‘Ready to start’ | Funding blocked for the largest solar-plus-battery project ever in the United States
Australian investment house Quinbrook Infrastructure Partners and American developer Solar Primer closed $1.9 billion in construction debt and tax equity financing for the Gemini PV-plus-storage project in the state of Nevada, which is expected to be the largest solar hybrid development ever in the United States a online in the fourth quarter of 2023.
Debt financing for the megaproject, which will connect a 690 MW photovoltaic power plant and a 1,417 MWh (380 MW) battery energy storage system at a site on federal land in the Mohave Desert, includes 1, $3 billion in credit facilities, including a construction/term loan, a tax equity bridge loan and a letter of credit facility.
The four main arrangers responsible for coordinating the financing were Bank of America, KeyBanc Capital Markets, MUFG Bank and Norddeutsche Landesbank Girozentrale.

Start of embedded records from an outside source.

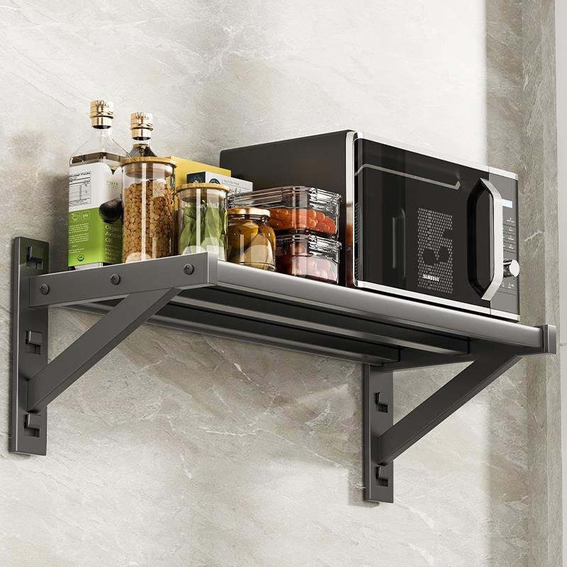 黑色太空铝微波炉托架置物架厨房壁挂式壁挂架加厚架子壁挂平板架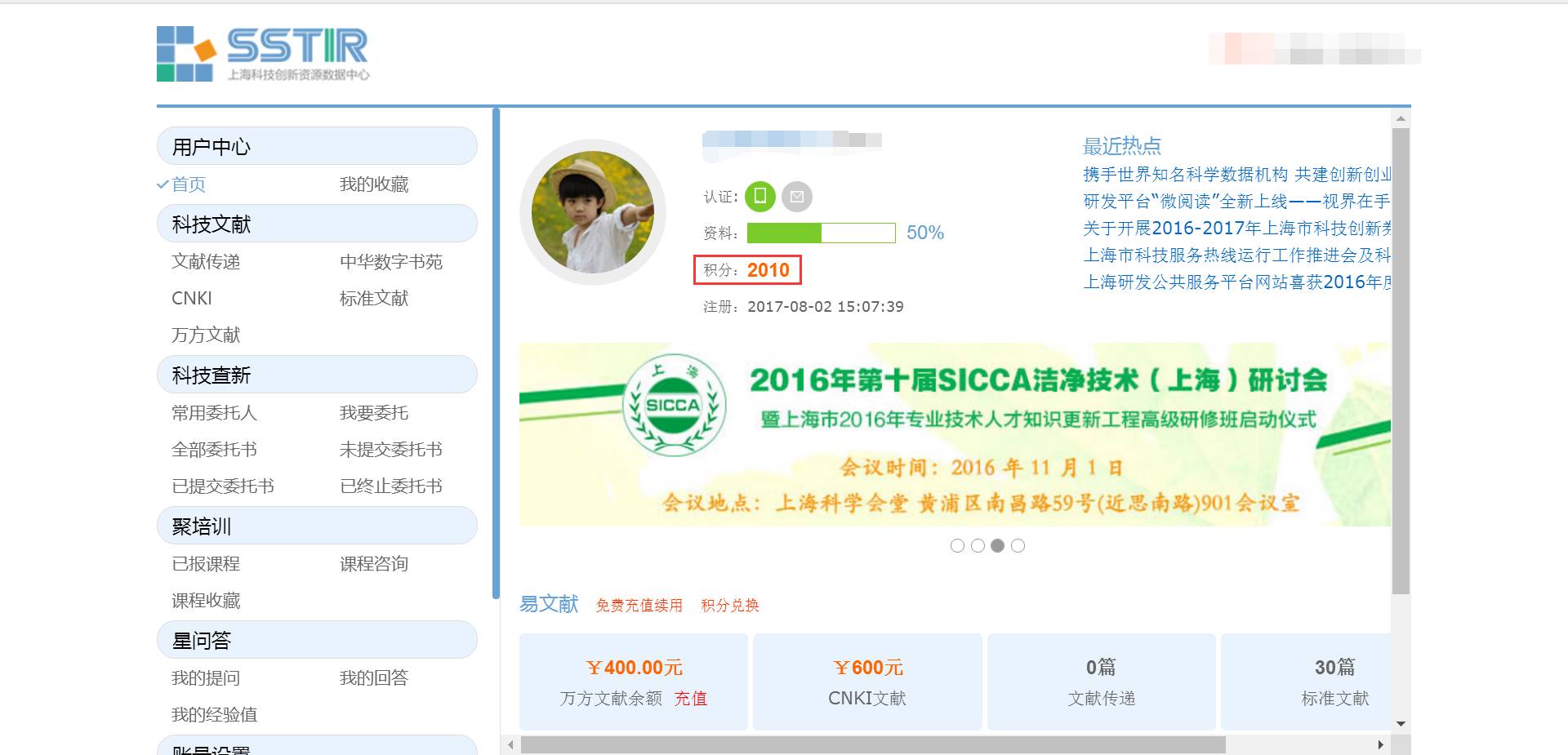 登陆之后点击右上角的账号,即可进入自己的个人中心,从个人中心可看到自己的账号有2000的积分,这些积分可以下载资源。
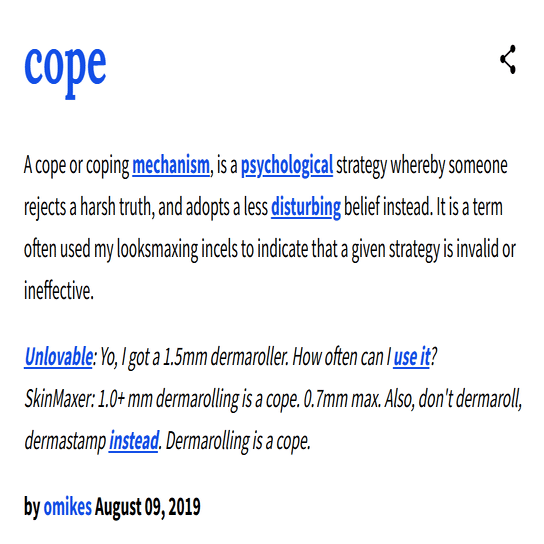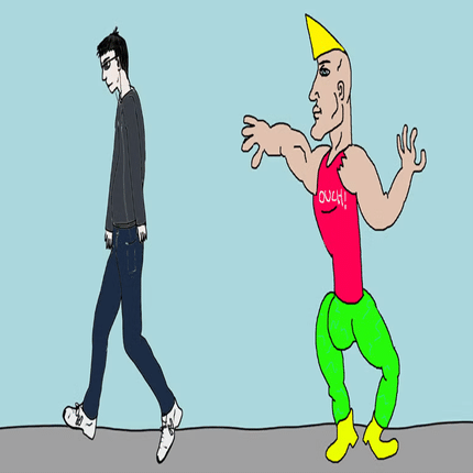 2025.08.22 著者のコラム Mystery Parrotコラム第3回:インセル文化はアメリカン・スラングの苗床 著者 Mystery Parrot (ミスパロ) 流行語やスラングの多くは、言語を問わず、「社会の周縁の集団から誕生することが多い」という説を耳にされたことがある方は多いのではないでしょうか。日本だったら例えば「極道社会」とか「2ちゃんねらー」とか「女子高生」などが思い浮かびますね。この種の言葉は初めは「身内だけに通じる隠語」として生まれ、次いで「仲間内の絆を強化する手段」として使われ、時には「外部世界からの防衛」という役割も果たします。 アメリカの場合も、スラングを生み出し、マジョリティ文化の語彙に多大な影響を与えてきたマイノリティ集団は多数あり、例えば「アフリカ系アメリカ人 (AAVE)」、「ギャング」、「LGBTQ+」、「ゲーマー」、「MAGA」、「スウィフティーズ (テイラー・スウィフトのファン層)」などが思い浮かびます。ですが、ここでは「他のどのコミュニティよりも現代スラングの発展に大きく貢献してきた」と言われる「インセルたち」と、彼らが生み出した語彙に焦点を当てたいと思います。 「インセル (incel)」は「自発的ではない」を意味する involuntary と「禁欲」を意味する celibacy を合体させたもの。「異性との性関係を望んでいるのに叶わない」と主張する人々が、自らをそう呼び始めたのが発端。あえて日本語にするなら「非モテ」「恋愛弱者」という感じでしょうか。 インセル文化は、当初は 4ch などの匿名掲示板で花開きました。4 ch にはユーザーアカウントが存在せず、投稿はすべて匿名。そのため、「年季の入ったインセル」が仲間内で自身が古株であることを匂わせて優位に立つためには、グループ内で共有されているスラングを駆使することが必要でした。このある意味、特殊な圧力が、多くのインセル用語が生み出されるきっかけになったと言われています。 インセル用語で最も有名なのは、「赤い錠剤」を意味する Redpill (レッドピル) 。カルト的 SFアクション映画『マトリックス』をご覧になった方は、キアヌ・リーヴス演じる主人公が、「レッドピル」を服用して「これまで見えなかった世界の真実に目覚める」という筋書きを覚えておられるかも。インセル教義の土台は、「女は利己的で浅薄な生き物」で、「外見もしくは経済力に恵まれない男には一瞥もくれない」ということ。ここから「現代社会は実は女に有利な構造になっていて、大部分の男は虐げられた存在なのだ」という世界観につながっていきます。インセルたちは、「この『真実』に目覚め、インセル教義にハマること」を Redpilled (レッドピル化) と呼びました。 ■引用画像 非モテであるがゆえに「童貞 (Virgin)」の自分たち。その対極にある存在は「女どもが群がる性的に勝ち組の男」で、インセル用語では「チャド (Chad)」と呼ばれます。「チャド」はイギリスの男性名ですが、1990年代のシカゴでは「裕福で都会的な若者」を揶揄するのに使われていたので、そこから借用した呼称。 下のイラストは、インセルたちの手でテンプレ化された Virgin (童貞) 対 Chad (チャド) の構図。左側は、前かがみで内省的、すべてを多角的に検討した挙句、何一つ行動には移せない「童貞 (Virgin)」。他方、右側は、筋肉と精力と無頓着な行動力を体現したような「チャド (Chad)」。 「童貞 (Virgin)」がインセルから脱却し、女性と性交渉を果たすためには、(Chad にはなれないまでも) 自身の市場競争力を少しでも底上げし、最適化を図らなくてはなりません。インセルたちは、この行為を Maxxing (マックス化) と呼びました。Maxxing は句動詞 max out(最大化する) に派生しているのですが、インセル界隈では「市場競争力をできる限り高める」というニュアンスで使われます。語頭に別の言葉をつけて使う場合も多く、例えば Looksmaxxing は「容姿を最大限に向上させる」。 インセルたちが集う掲示板では、このようなある種、独特なインセル用語を頻用することが「レッドピルを服用した (redpilled) 正真正銘のインセル」を匂わせる裏付けとなり、たまたま立ち寄った「トーシロ (normie) ではない」ことの証左につながったのです。言い換えれば「インセル特有の語彙をひけらかすこと」こそ、「コミュニティの中でステータスを獲得する必須条件」だったわけです。 と同時に、コミュニティ内部のメンバーは、インセルとしての「純度」を証明し、「なりすまし (fake-cel)」 や「自発的禁欲者 (vol-cel)」のレッテルを貼られることを避けるために、お互いを相手に絶え間なくインセル思想を捏ねくり回していました。これがまた、新たなインセル用語が続々と生み出されるきっかけとなっていったのです。 例えば、mog は「グループ内のアルファオス」を意味する alpha male of the group (AMOG) から派生した言葉。インセルたちはこの言葉を「外見的な魅力や社会的地位などで周囲を圧して、比較対象をみじめに見せる」という動詞として使用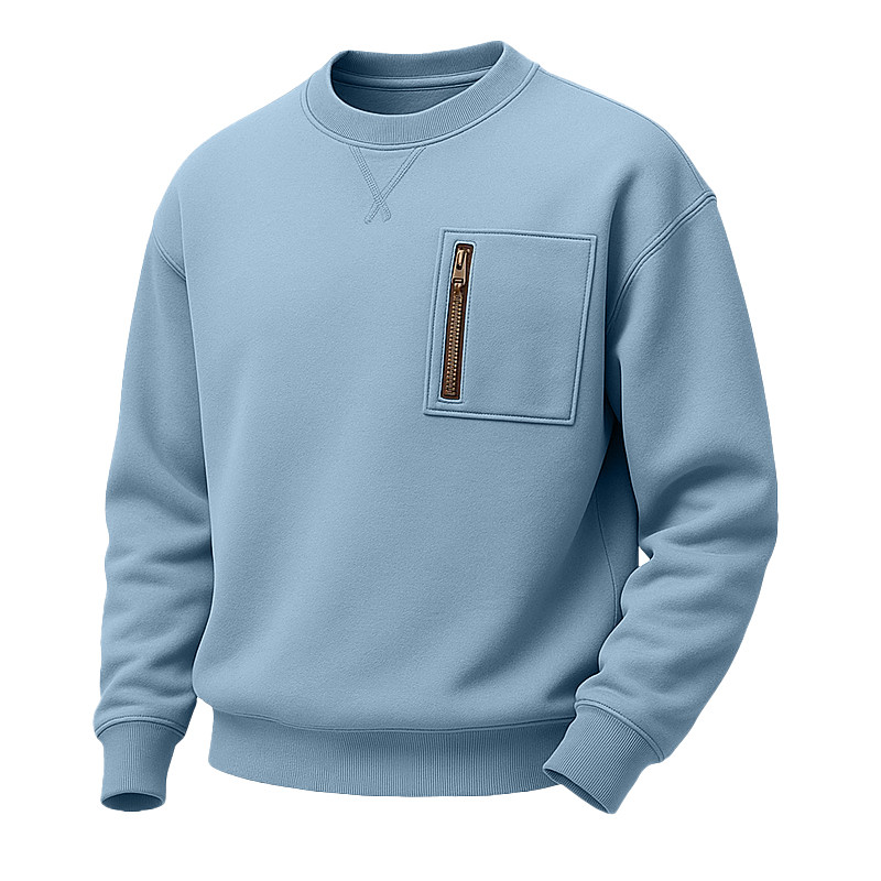 Men's Sweatshirt Pullover Blue Green Gray Crew Neck Plain Patchwork Zipper Pocket Casual Daily Sports Outdoor Streetwear Cool Sportswear Spring Fall Clothing Apparel Hoodies Sweatshirts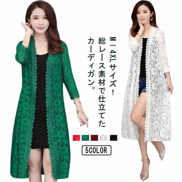 カーディガン レディース 薄手 トップス ロング丈 レースカーディガン 春夏 総レース ロングカーディガン 羽織り シースルー 透け感 大きいサイズ 花柄 結婚式 紫外線対策 冷房対策 フェミニン セクシー M L XL 2XL 3XL 4XL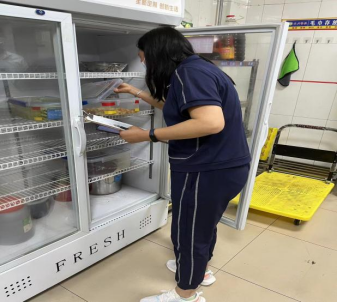 综合办副主任张中凯带领食品安全检查小组来到食堂操作间、食品留样间、原材料储藏间严格查验原材料选购、存储、加工制作、采集留样环节,随后,检查组一行前往校内商业街对菜鸟驿站、超市、水果店、台球室等重点部位进行突击检查,着重审查有无售卖临期、过期产品等违规行为,以细致、严格的工作作风保障师生舌尖上的安全。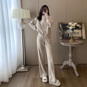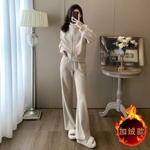 欧货高端连帽加绒卫衣套装女秋冬时髦洋气休闲运动服阔腿裤两件套

Voya Investment Management provided the $95 million mezzanine credit facility.
Quinbrook and Primergy, one of its wholly-owned holding companies, said Bank of America and Truist Bank provided $532 million in tax equity, a pledge billed as the largest tax equity solar financing ever. in the USA.
“With suppliers and contractors committed and financing secured, we are ready to begin construction on this unprecedented project,” said Ty Daul, CEO of Primergy.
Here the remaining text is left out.